The Legend of Zelda: Majora's Mask (N64)

Right, now, with Sega Dreamcast and Sony Playstation 2 in stores, you may think getting a game for the Nintendo 64 is stupid. But, Nintendo proves that they are always better than other systems. Nintendo released this game on the same day as Playstation 2. Nintendo couldn't choose a better time to release a sequel to the greatest game ever.

The Legend of Zelda: Majora's Mask is the sequel to The Legend of Zelda: Ocarina of Time. The story begins where the last story left off. Link is in the Lost Woods, and he meets a strange kid wearing the mask. The kid takes off and steels his horse, and his ocarina, which was his most prized possession from Ocarina of Time. Link chases after him, but ends up into a new world of Termina. The strange skull kid turned Link into a Deku Scrub. The kid left behind his fairy, Tatl, who ends up being Link's friend in his quest. Link lost the kid, and is now trapped inside little deku kid's body. He than meets the mask collector from the Happy Mask Shop, who says the skull kid stole a valuable mask from him, a mask with strange power that could destroy the world... which is what it's exactly doing. The mask caused the moon to fall into the center of the world. The mask salesman says he'll turn him back to normal once he finds his ocarina. He found his precious musical instrument, and started his journey.

Graphics: 9 out of 10

This game uses the N64 expansion pack, but the game still reuses similar character designs from OoT for the characters in this game. There are a few breathtaking views, perhaps as much as OoT. The graphics are good, but not different. However, there is one major improvement. In OoT, when you're in a house or a store, you'll see it from a certain camera angle, and the picture is blurry. In this game, there isn't a time you get a 2d view.

Music and Sound: 9.1 out of 10

This game reuses the sound effects from OoT, and some of the music too. However, there are some new background songs that provide the mood. Also, they have the Over world theme from past games, which wasn't in OoT.

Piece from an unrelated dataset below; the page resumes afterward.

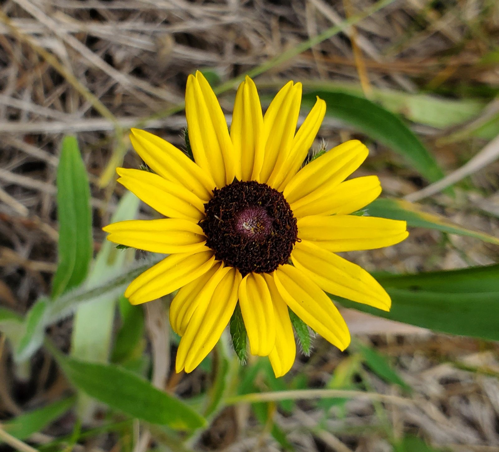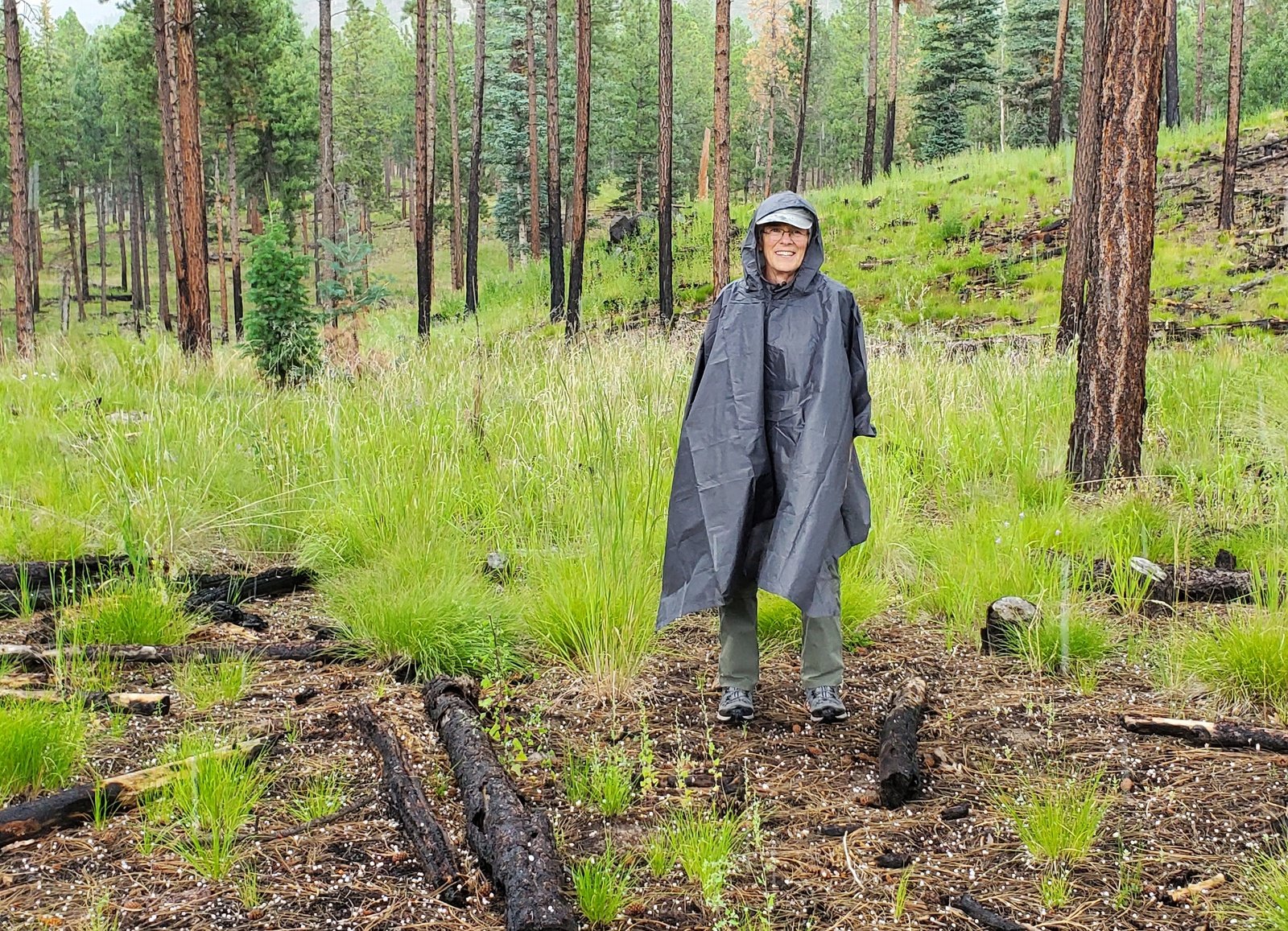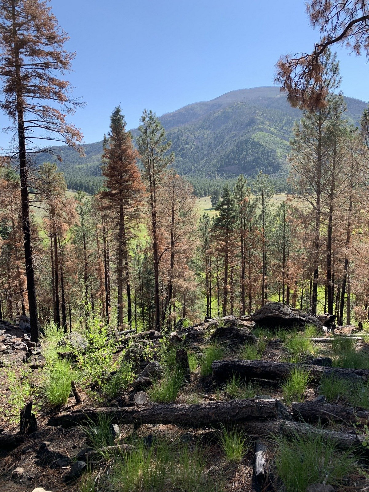 We proceeded on the 2-track, including a portion that was elevated above the Meadow – shaded and offered a great view down into the Meadow. From that vantage point we spotted an interesting feature, a circular area of burned grass, in the center a burned tree trunk. Looked to us like a lightning strike.
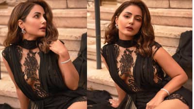 या फोटोमध्ये हीनाने ब्लॅक रंगाचे ट्रान्सफरंट आऊट्फिटीस घेतले आहेत. या ड्रेसमध्ये हीना अतिशय अप्रतिम दिसत आहे. एका इटालियन डिझायनरने डिझाइन केलेल्या अतिशय स्टाइलिश पोशाखात दिसत आहे.

Replayability: 8.1 out of 10

This game is fun, but not as long as Ocarina of Time. They tried to make it longer with more side quests and notebook entries, but this game ends up being a bit shorter than OoT. (Not as short at Yoshi's Story.) Despite all this, the game still tops the list as the best sequel for N64, and one of the best games for its system. I just with the game was longer.

Other stuff: 9.9 out of 10

This game uses a similar engine to Ocarina of Time, which I thought was one of the best engines ever. The R button is used to raise the shield. The yellow up button is used for a first person perspective. The other three yellow buttons are used for certain items, which are selected when the game is paused. Such items include transformation masks, the ocarina, the hero's bow, bombs, and other items. The A button changes depending on your location and position. The B button is mainly used to the sword. The Z button is used for a Z target system, where an enemy or a person is selected, and Link could move certain directions but still face the enemy. This is the most useful when used with arrows, so you don't need to aim. One biggest change over Ocarina of Time would have to be the saving system. In OoT, you could simply save by pausing and pressing B. In M'sM, you have two ways of saving. The moon is falling, so there's a time limit to beet the game. However, you don't need to finish the game in 72 hours. In this game, an hour is a minute in real time. Your expected to beat certain objectives and travel back in time to complete other objectives. In this game there are side quests that could only be done in certain times, and sometimes more than one objective has to be done at that time, whether it's helping certain characters and running errands. Each time, you use your ocarina to travel back in time, the game is saved, but a few things get lost. Rupees (money) your carrying and ammo (arrows, bombs) disappear. So does dungeon keys and boss keys. Also, all the troubled people you helped return to their normal state of loss. However, not everything is lost. Any mask or major item you obtain is saved when you travel back. You keep weapons like bows and bomb bags. You also keep the masks. You could keep rupees if you put them in the bank. You can also warp immediately to the boss in the dungeon if you already beated it before. Also, if you needed to stop playing, but don't want to travel back in time to save, you could go speak to an owl statue. You'll exit the game saved at its current position.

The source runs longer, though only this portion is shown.